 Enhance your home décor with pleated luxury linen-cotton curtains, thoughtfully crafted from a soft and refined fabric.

---

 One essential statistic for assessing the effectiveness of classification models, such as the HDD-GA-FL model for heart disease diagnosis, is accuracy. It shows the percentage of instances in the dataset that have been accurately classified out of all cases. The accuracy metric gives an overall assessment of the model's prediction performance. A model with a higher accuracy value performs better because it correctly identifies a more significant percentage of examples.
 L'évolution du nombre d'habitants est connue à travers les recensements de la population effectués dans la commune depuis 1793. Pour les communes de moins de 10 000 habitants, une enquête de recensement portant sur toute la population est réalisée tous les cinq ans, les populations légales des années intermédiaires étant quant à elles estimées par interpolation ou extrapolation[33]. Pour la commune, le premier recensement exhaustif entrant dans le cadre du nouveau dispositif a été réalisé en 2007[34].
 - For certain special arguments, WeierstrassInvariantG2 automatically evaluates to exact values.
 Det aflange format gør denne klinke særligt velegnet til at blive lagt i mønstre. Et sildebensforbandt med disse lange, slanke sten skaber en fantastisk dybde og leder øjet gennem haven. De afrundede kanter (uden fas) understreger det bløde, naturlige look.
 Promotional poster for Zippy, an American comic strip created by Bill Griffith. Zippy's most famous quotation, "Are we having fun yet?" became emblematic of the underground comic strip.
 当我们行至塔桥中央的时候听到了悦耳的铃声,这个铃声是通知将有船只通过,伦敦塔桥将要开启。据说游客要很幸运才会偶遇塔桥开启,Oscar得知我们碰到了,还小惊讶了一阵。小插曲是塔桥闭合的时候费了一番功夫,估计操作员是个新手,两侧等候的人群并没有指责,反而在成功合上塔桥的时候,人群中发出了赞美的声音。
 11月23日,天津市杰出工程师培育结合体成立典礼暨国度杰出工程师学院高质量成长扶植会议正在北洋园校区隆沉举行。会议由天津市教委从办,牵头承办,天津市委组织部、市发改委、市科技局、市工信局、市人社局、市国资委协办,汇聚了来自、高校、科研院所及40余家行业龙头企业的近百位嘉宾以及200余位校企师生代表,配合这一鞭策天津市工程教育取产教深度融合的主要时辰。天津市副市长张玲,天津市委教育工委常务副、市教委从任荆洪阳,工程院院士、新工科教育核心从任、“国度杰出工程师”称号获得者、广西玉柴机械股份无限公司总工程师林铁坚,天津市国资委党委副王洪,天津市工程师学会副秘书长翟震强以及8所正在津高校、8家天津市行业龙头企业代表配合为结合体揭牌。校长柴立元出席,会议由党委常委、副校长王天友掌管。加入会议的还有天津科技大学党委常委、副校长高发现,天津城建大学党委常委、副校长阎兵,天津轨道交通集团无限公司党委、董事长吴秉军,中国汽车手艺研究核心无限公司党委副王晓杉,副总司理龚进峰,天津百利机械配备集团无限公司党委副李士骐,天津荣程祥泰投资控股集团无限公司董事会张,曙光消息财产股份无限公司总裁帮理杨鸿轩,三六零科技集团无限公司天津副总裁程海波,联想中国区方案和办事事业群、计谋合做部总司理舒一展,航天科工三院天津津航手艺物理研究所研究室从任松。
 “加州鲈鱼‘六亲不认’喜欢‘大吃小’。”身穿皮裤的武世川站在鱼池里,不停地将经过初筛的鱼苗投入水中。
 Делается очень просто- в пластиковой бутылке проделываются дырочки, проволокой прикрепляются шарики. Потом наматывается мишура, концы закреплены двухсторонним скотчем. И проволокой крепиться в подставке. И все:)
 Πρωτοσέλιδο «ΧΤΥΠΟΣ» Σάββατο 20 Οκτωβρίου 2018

Problem description: Match on "with" and report each line of the data above that has it.

Task solution:
 Enhance your home décor with pleated luxury linen-cotton curtains, thoughtfully crafted from a soft and refined fabric.
 One essential statistic for assessing the effectiveness of classification models, such as the HDD-GA-FL model for heart disease diagnosis, is accuracy. It shows the percentage of instances in the dataset that have been accurately classified out of all cases. The accuracy metric gives an overall assessment of the model's prediction performance. A model with a higher accuracy value performs better because it correctly identifies a more significant percentage of examples.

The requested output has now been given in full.